I have been pretty busy of late,   but  I have an urge to say something if only to prove I’m still alive so I thought I’d summarize what I know about the brain’s evolution and language. The main thing we know for an absolute certainty is that the brain suddenly got a lot bigger, about 3.3 times larger than the ape brains of Australopithecus of 2.5 million years ago.Brains are expensive body parts. They put heavy metabolic demands on the system and they do not forgive malnutrition, especially in childhood. So the expansion of   the brain size was only possible if food was reliable throughout the year. There are some possible trade-offs. We can sacrifice other metabolic demands. Chimpanzees and gorillas are much stronger than humans, strong enough to be able to tear humans apart.
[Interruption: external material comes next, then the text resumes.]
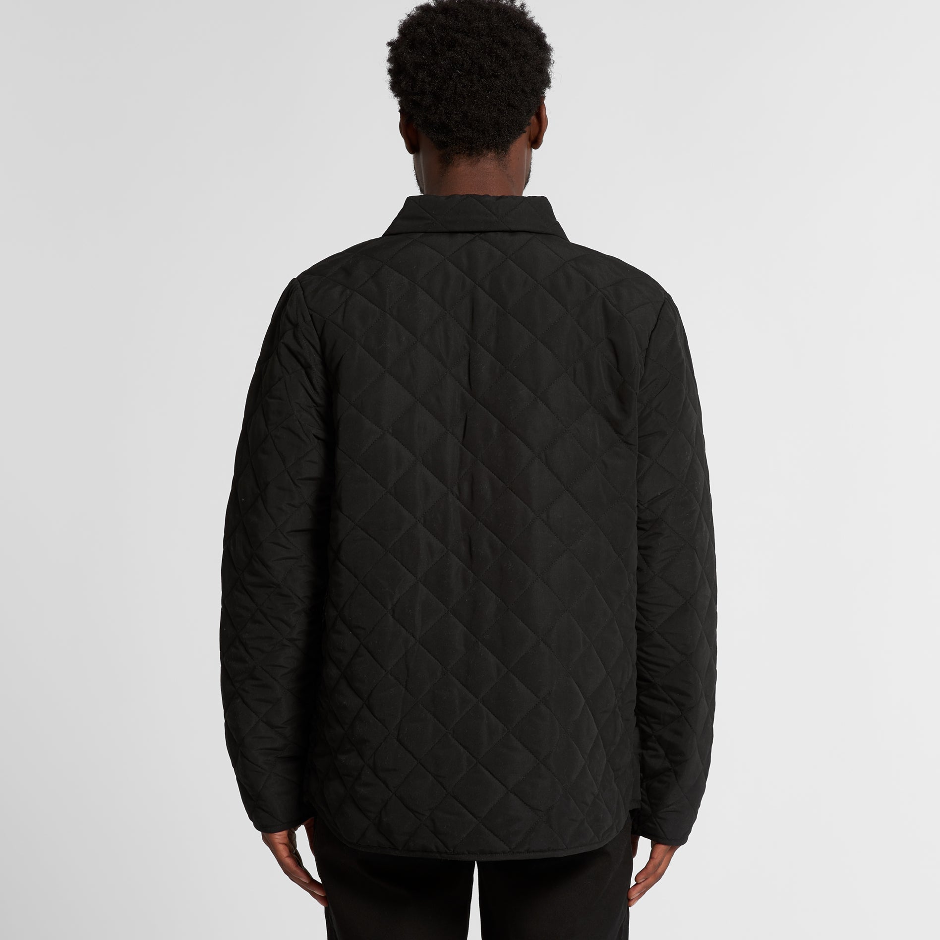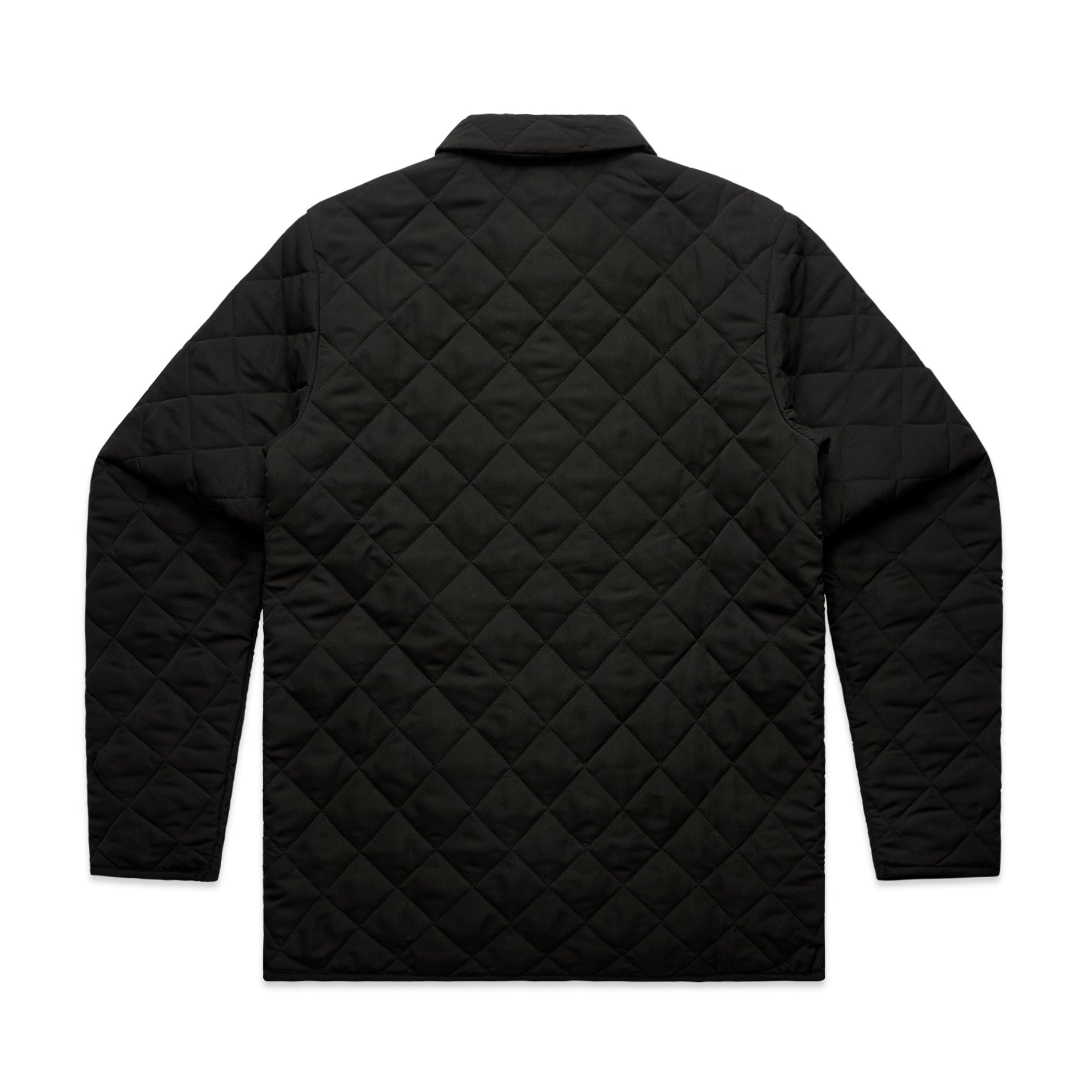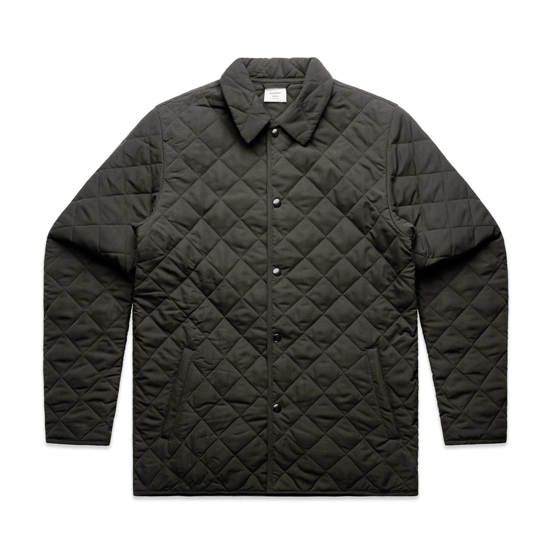 Showcasing the AS Colour Men's Quilted Jacket, featuring 100% recycled polyester wadding. Features a collared design, snap dome closure, and two side pockets. Made sustainably, saving approximately 89 recycled 500ml plastic bottles from landfill.

So we might have sacrificed some serious muscle strength in order to support our brains, but that only works if the ancestors found some substitute for muscle power. Stone tools were part of the kit of the earliestHomo and perhaps there were other wooden and vegetable tools   that did not survive. Fire is another solution. Cooked food provides many more  calories than raw stuff, but when did cooked food come into style? A quarter million years ago? Half a million? A million? A million and a half? There are advocates for each of these answers. I lean toward old dates, but who can say? It seems fairly clear that the brain was already growing when fire came along, but cooked food probably made ...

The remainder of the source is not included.